McGill grad starts his own big city beerfest

At your average beer festival, a ticket gets you a plastic mug and some tokens allowing you to join a few hundred like-minded individuals in two-ounce samples from more breweries than you can count – all under a tent in some park. Nothing about the experience jibes with the way beer is meant to be drunk.

Enter Josh Schaffner McGill grad (’06, Geographical urban systems) and wavemaker on the New York beer scene. At just 24-years-old, he has conceived and brought to fruition NY Craft Beer Week, featuring 95 beers from the northeastern United States and happening right now in New York. The festival is organized around a number of events, including bar crawls in nine neighbourhoods, partnering craft beer with specific watering holes that exemplify that neighbourhood. The result is a festival where it is as much about where you are drinking as it is about what you are drinking – championing the local allure of craft beer.
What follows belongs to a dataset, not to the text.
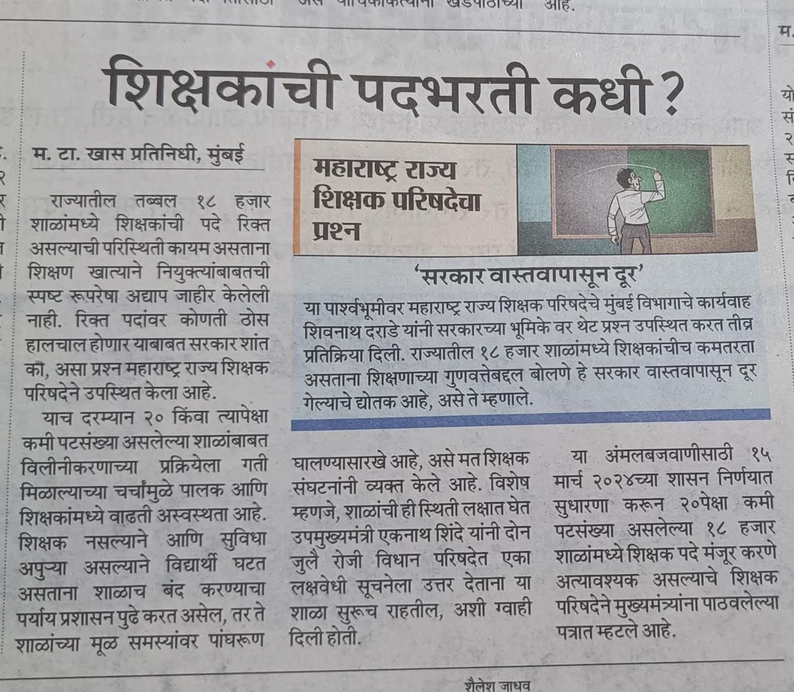महाराष्ट्र राज्य शिक्षक परिषदेचा प्रश्न
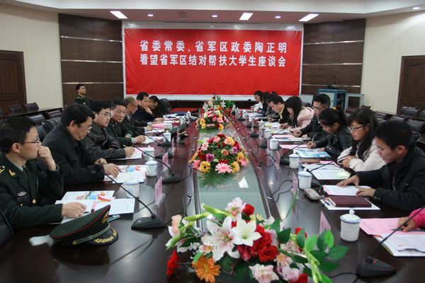 座谈会上,陶正明将军首先听取了欧冠接受省军区帮扶的10位大学生的汇报发言。农学院李小英、林学院谢文新、动科院钟小兰、工学院胡慧琴等10位同学先后发言,分别回报了各自接受帮扶一年来,在生活、学习、思想上的成长和收获。一年来,10位同学勤奋学习、积极上进,在专业学习、社会实践、思想进步等方面都取了了显著进步和成长,有的同学已经连续两次获得奖学金,有的已经顺利毕业并找到了满意的工作,有的同学立志深造继续攻读研究生,还有3位同学已经光荣的加入了党组织,成为中国共产党党员。

I caught up with Schaffner at the height of Craft Beer Week to talk about the work he’s done and how his motives relate to beer culture, and specifically that of Quebec.

The McGill Daily: Did your affinity for beer have an outlet during your time in Montreal?

Josh Schaffner: I never lived in rez, but instead made a home at Dieu du Ciel. I lived only a couple blocks away in each apartment I moved to over the years in Montreal; an unintentional circle around the place was a side benefit.

MD: What challenges do you see for craft beer culture, both in general and in Quebec?

JS: There’s the main challenge of craft beer being relatively new and so successful that it’s creating its own hurdles. It’s a crisis of identity for a small brewery to ask, “What does it mean to have national distribution? How does that change the identity of your brand and your product?” [Ed. Point of Reflection: How does this crisis affect a brewery like Unibroue, now available all over the U.S., but with roots in rural Quebec?]

MD: Could Craft Beer Week happen up here?

JS: I think it would happen in a different format, but with the same goal of promoting the idea of better beer. I got the idea from Philadelphia, adapting it to fit New York, and since then San Francisco has a beer week slated for February. More and more cities have expressed interest. I think that one of the motives for me doing this is that there is no reason for it to be specific to one place. There are so many places with great beer culture and there’s always room for more.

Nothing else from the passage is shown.